Quels sont les points forts du programme ?

Les points forts sont les suivants : une organisation calquée sur la pratique des autres états européens, pour faciliter la reconnaissance des ECTS acquis dans d’autres universités ; un stage professionnel de longue durée en France ou à l’étranger ; un corps professoral constitué d’enseignants chercheurs et de professionnels experts. Il faut aussi ajouter que deux matières du programme sont enseignées en anglais.

Quels sont les profils des étudiants ?

Les étudiants viennent historiquement des IUT, et rejoignent l’IAE au niveau licence et ou Master 1. D’autres viennent d’écoles de commerce, certains viennent de parcours mathématiques, ou sont ingénieurs et cherchent à acquérir une double compétence.

Comment est composé le corps enseignants ?

Le corps enseignant, statutairement, compte tenu des textes qui régissent les IAE, doit être constitué au moins d’un tiers de professionnels et naturellement le reste est constitué d’enseignants chercheurs, rattachés à un laboratoire de recherche.

Quelles sont vos relations avec les entreprises ?

Le lien est évidemment très fort. Comme je le signalais précédemment, nous avons chaque année un parrain pour la promotion DFAICG. Parmi les entreprises qui ont parrainé le master, on peut citer Amadeus, Arkopharma, Virbac, Accor ou encore la DFCG…

D’ailleurs il existe un partenariat entre la DFCG (l’association des Directeurs Financiers et Contrôleurs de Gestion de la Côte d’Azur) et le master DFAICG. Ce qui permet de créer un véritable réseau pour obtenir des stages et des emplois. L’IAE participe aussi à l’attribution du trophée de gestion financière, qui a eu lieu cette année le 19 avril à l’Eden Roc.

Que deviennent vos anciens ? Est-ce que vous avez des exemples ?

Le master se caractérise par une forte intégration professionnelle. 80 à 90% des jeunes diplômés ne passent pas par la case chômage. Le stage devient vite une période d’essai qui se termine par une embauche. Les étudiants du Master sont aussi audacieux. Ils n’hésitent pas à partir loin, Dubaï, le Cambodge ou encore l’Angleterre via parfois des VIE. Tel étudiant parti en stage à Dubaï dans le bureau de représentation d’une grande entreprise française, est devenu responsable du contrôle de gestion, quand le bureau s’est transformé en une filiale à part entière…

Est-ce que votre formation est accessible également en formation continue ?

Oui, chaque année, nous avons trois à cinq étudiants en formation continue qui nous arrivent via Asure formation, l’entité en charge de la formation continue à l’université de Nice.

Comment procédez-vous pour faire évoluer votre programme ?

Nous tenons une à deux fois par an un conseil de perfectionnement.
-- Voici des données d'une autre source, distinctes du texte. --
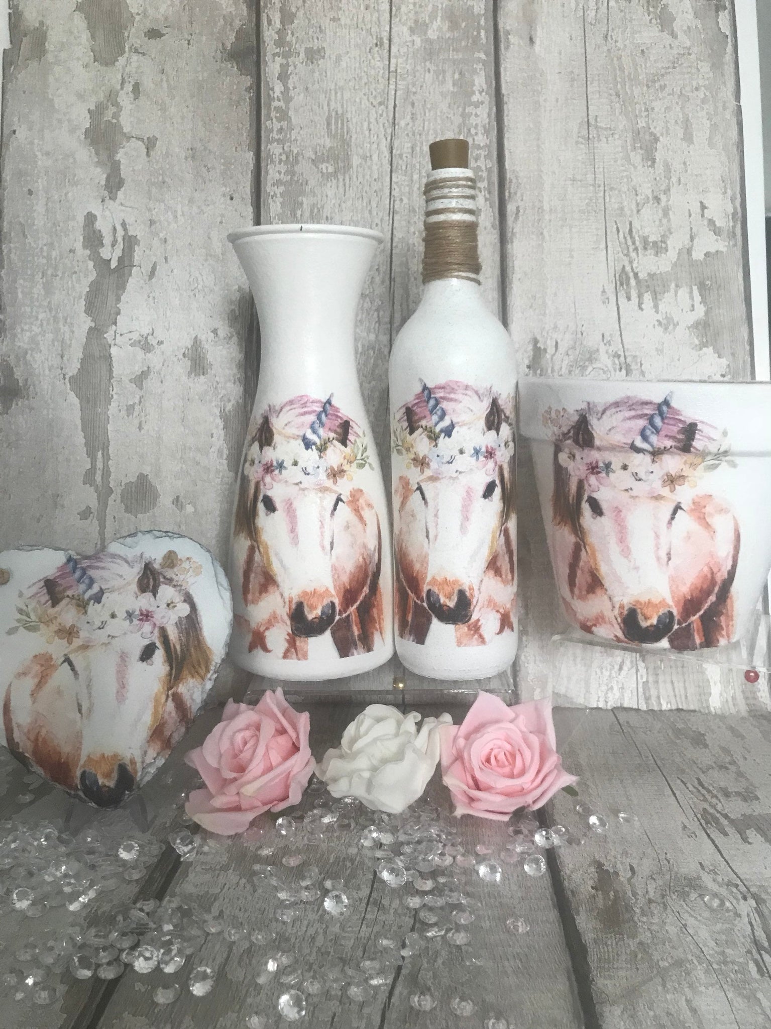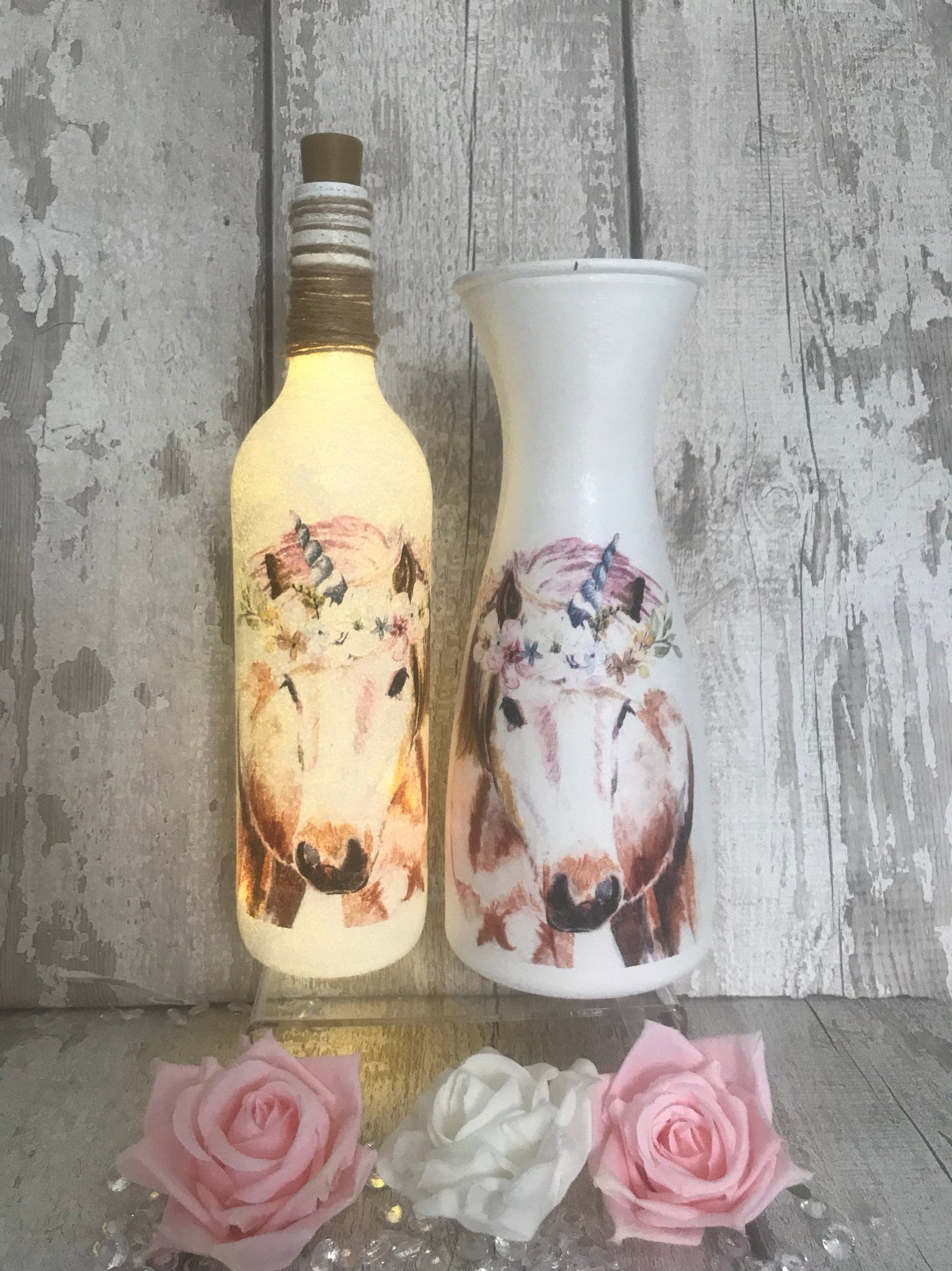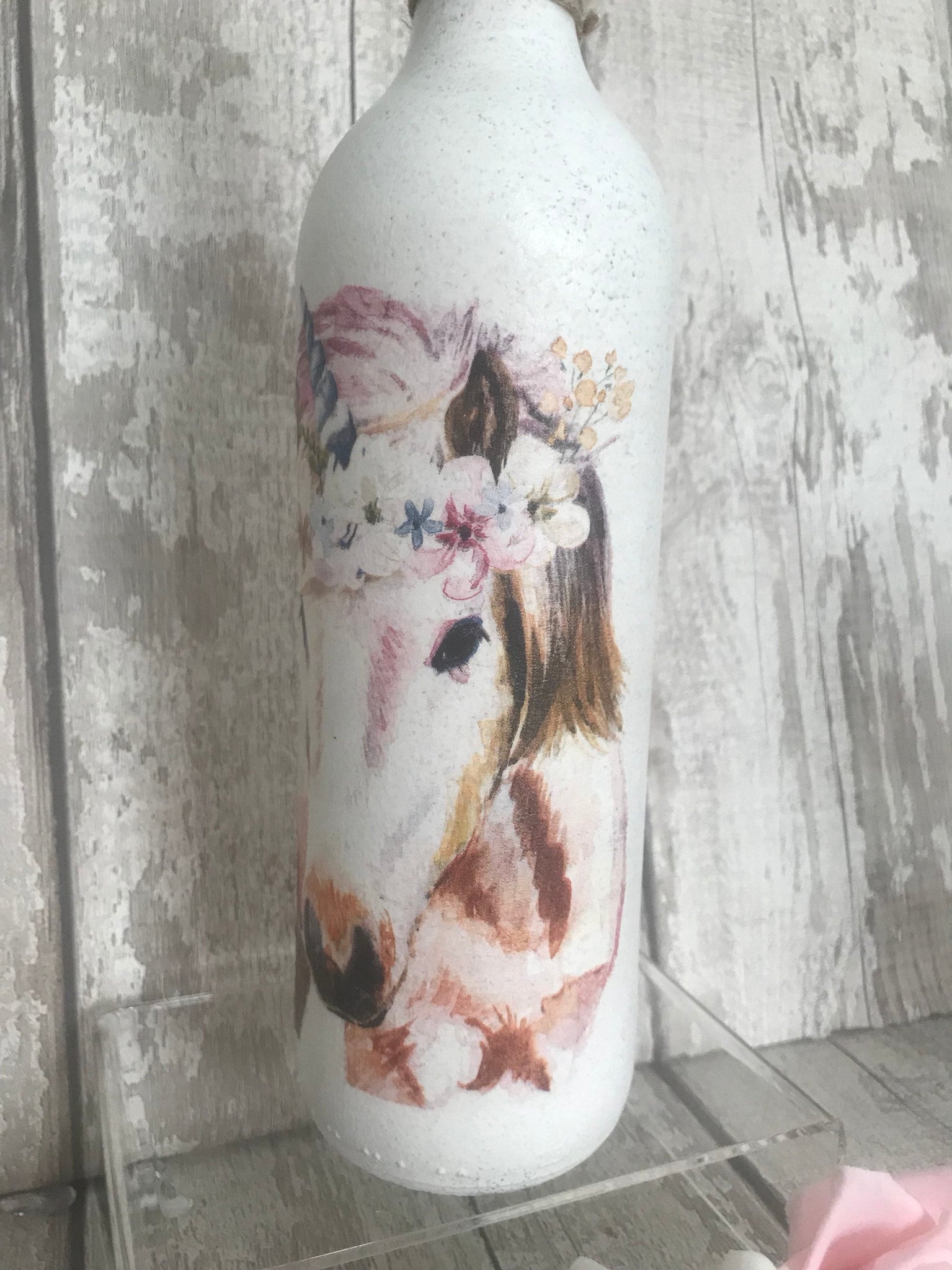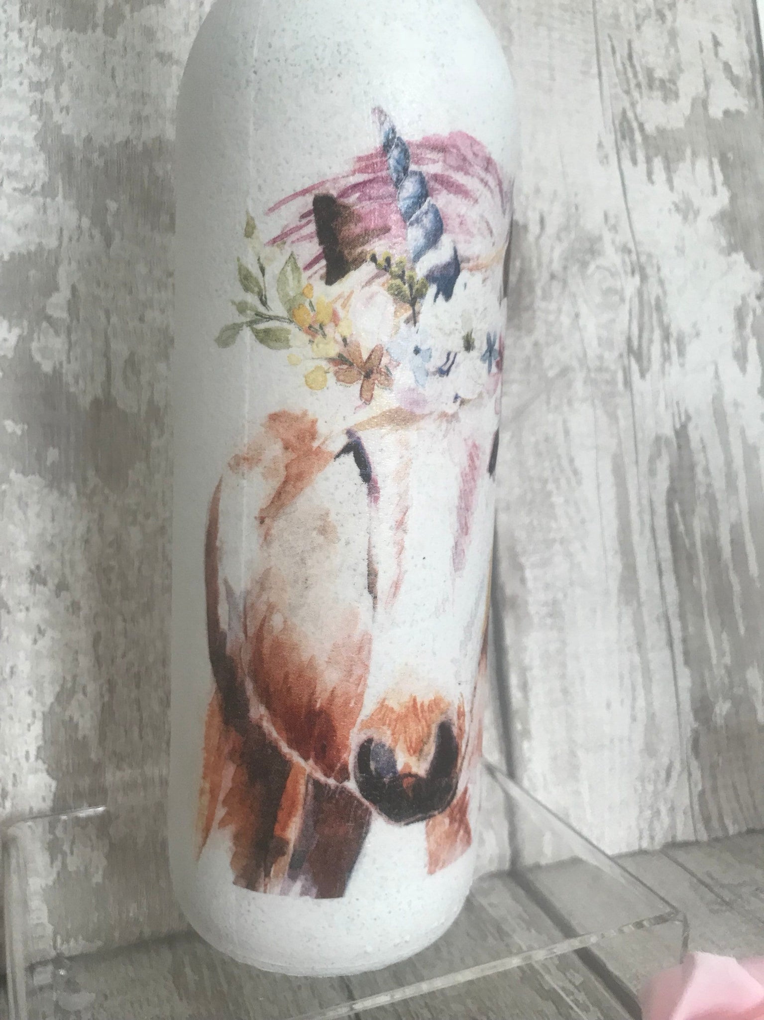 This light up bottle  has been hand painted, decoupaged with this beautiful design, varnished with a waterproof varnish and finished off with a handmade with love tag, perfect to be given as a beautiful gift
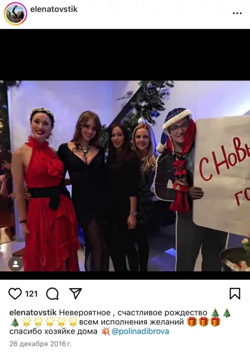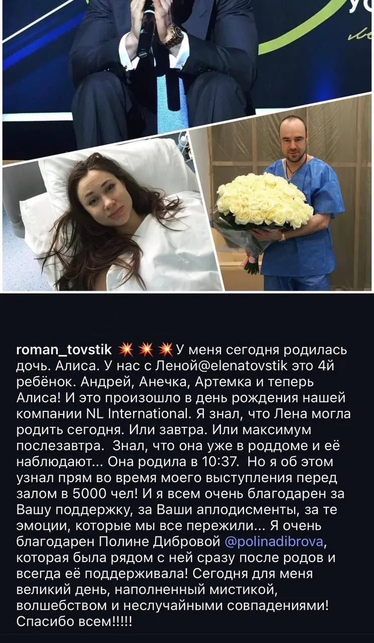 Пост Елены ТовстикПосле этих откровений Елены в сети стали появляться различные подробности о происходящем, и поползла сплетня, что мужа из семьи "увела" близкая подруга Елены — Полина Диброва. Якобы 36-летняя Полина уже давно встречалась с Романом Товстиком, который на 15 лет старше неё, но при этом на 15 лет младше её мужа, 65-летнего телеведущего Дмитрия Диброва. При этом семья Дибровых близко дружила с семьёй Товстик: Полина даже встречала жену своего "любовника" из роддома и присутствовала на крестинах. Елена Товстик также состояла в женском клубе Полины и часто принималась участие в его мероприятиях — в сети можно найти множество совместных фото Полины и Елены. Несмотря на воспитание шестерых детей, Елена Товстик вообще вела активную социальную жизнь: участвовала в соревнованиях по плаванию и соревнованиях по триатлону IronMan, занималась велоспортом и танцами, снималась для обложек журналов.
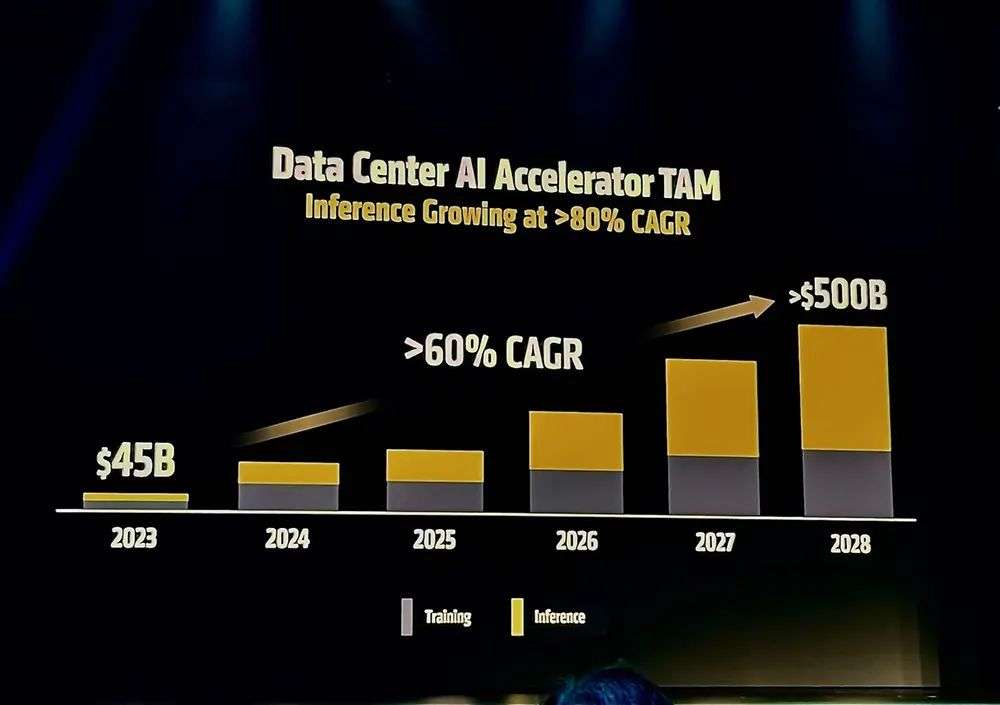 据苏姿丰博士分享,数据中心AI加速器TAM市场将每年增长60%以上,到2028年达到5000亿美元,预计推理将在未来几年内每年增长80%以上,成为AI计算的最大驱动力。
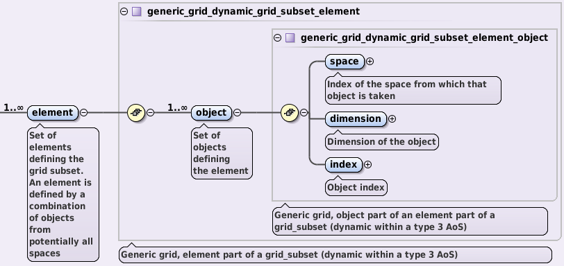 The element AOS is designed to contain data on each element of the same dimension, forming the grid subset. Each element can be formed by one or more objects and the data on the objects forming the element is stored in its child named object AOS. The relation between grid, grid subset, element, and object is shown in figure below.
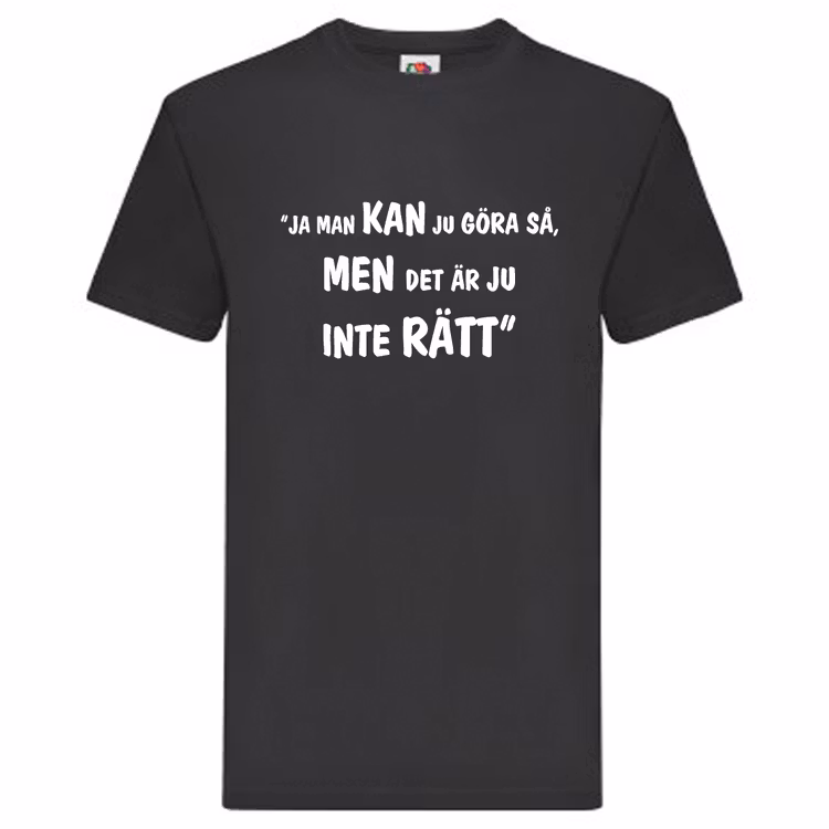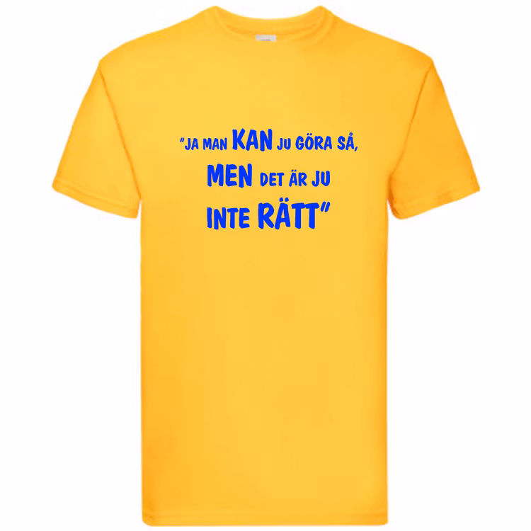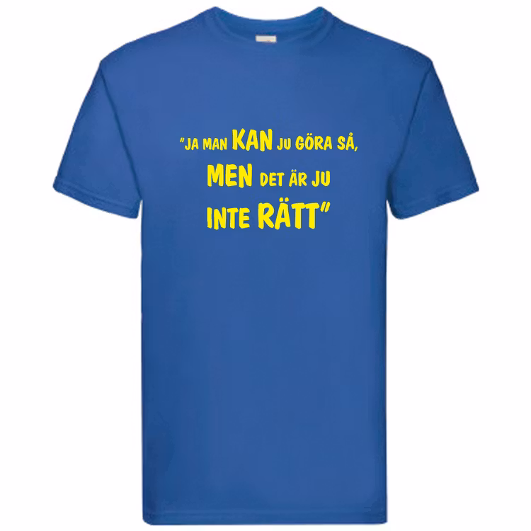 T-Shirt, "Inte rätt", Svenska Citat Färg Blå Gul Vit Svart Storlek S M L XL 2XL 0 kr 139 kr "Ja man kan ju göra så, men det är ju inte rätt"Klassiskt svenskt citat från Yrrol.Finns i flera olika färger. Du väljer storlek på T-Shirt. Flera populära produkter T-Shirt, "Jag ska bli celibat", Svenska Citat från 139 kr T-Shirt, "Du jobbar ju med data!", Svenska Citat från 139 kr T-Shirt, "Det är mest tröjor och dekaler", Svenska Citat från 139 kr T-Shirt, "Hördu din galning, vad gör du", Svenska Citat från 139 kr T-Shirt, "Sol i sinne, brun inne", Svenska Citat från 139 kr T-Shirt, "Man ska fan inte knarka, om man redan är dum i huvudet", Svenska Citat från 139 kr T-Shirt - Du ser mig äta en bajsmacka, Solsidan från 199 kr T-Shirt - Tjenare mannen, Solsidan från 199 kr
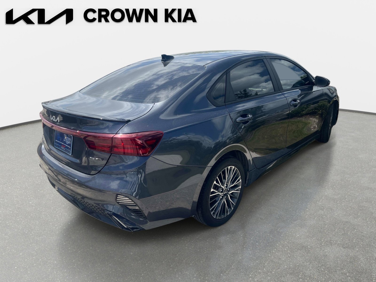 This 2023 Kia Forte GT-Line in Gravity Gray features Kia Certified Pre-Owned Certified, 17 x 7.0J Alloy Wheels, 4-Wheel Disc Brakes, 6 Speakers, ABS brakes, Air Conditioning, Alloy wheels, AM/FM radio: SiriusXM, Apple CarPlay & Android Auto, Auto High-beam Headlights, Automatic temperature control, Brake assist, Bumpers: body-color, Carpet Floor Mats, Cloth & SynTex Seat Trim, Delay-off headlights, Driver door bin, Driver vanity mirror, Dual front impact airbags, Dual front side impact airbags, Electronic Parking Brake (EPB), Electronic Stability Control, Emergency communication system, Exterior Parking Camera Rear, Forward Collision Avoidance-Assist - Cyclist, Front anti-roll bar, Front Bucket Seats, Front Center Armrest, Front dual zone A/C, Front fog lights, Front reading lights, Front wheel independent suspension, Fully automatic headlights, GT-Line Technology Package, Heated door mirrors, Illuminated entry, Leather Shift Knob, Leather steering wheel, Low tire pressure warning, Navigation System, Navigation-Based Smart Cruise Control (NSCC), Occupant sensing airbag, Outside temperature display, Overhead airbag, Overhead console, Panic alarm, Passenger door bin, Passenger vanity mirror, Power door mirrors, Power steering, Power windows, Radio data system, Rear window defroster and other.
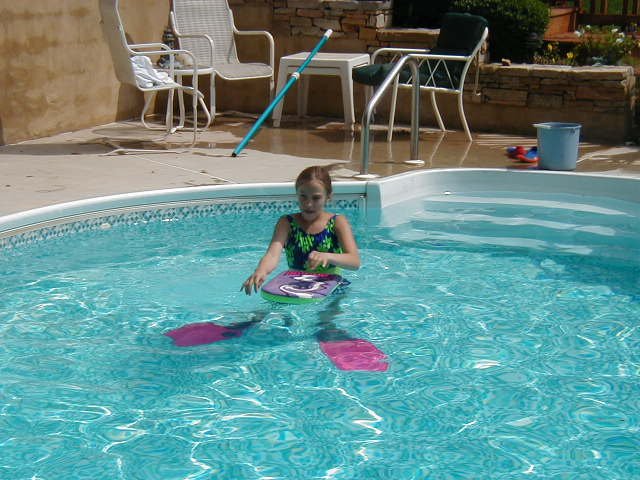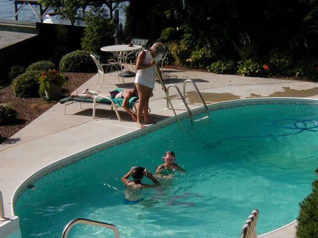 | Brigitte in Kathy and Kelly swimingpool | On the next morning she went out with Claire | And even docked the boat on her own. She is ready to solo on the supersunfish |
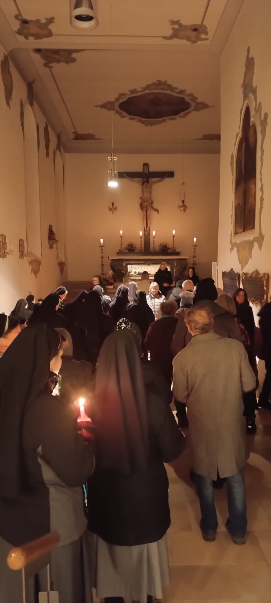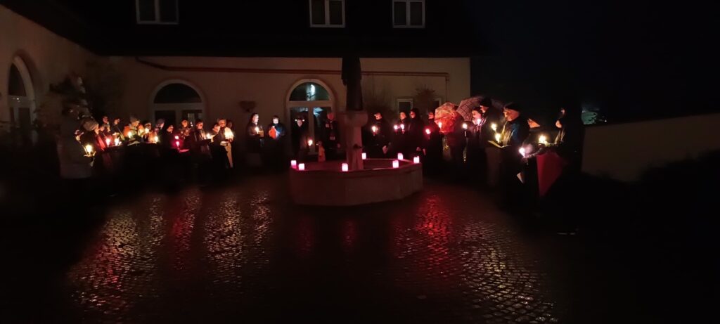 Reute – Bei der Lichterprozession zu Ehren der Guten Beth am Freitagabend (24.11.) fanden sich neben zahlreichen Franziskanerinnen mit Generaloberin Maria Hanna und Klosterpfarrer Ulrich Steck an der Spitze auch Pfarrer Stefan Werner und viele Gläubige aus der gesamten Seelsorgeeinheit ein. Start war bei der neu errichteten Gut-Betha-Stele am Dorfplatz Reute.

Ce sont les étudiants, mais aussi les intervenants qui critiquent en bien ou en mal la formation. Nous essayons alors d’apporter des améliorations en fonction de la latitude permise par le contrat quadriennal. Et puis lors de la révision du contrat alors, on peut vraiment apporter des changements importants s’ils sont nécessaires. Nous devons être toujours prêts à nous remettre en question.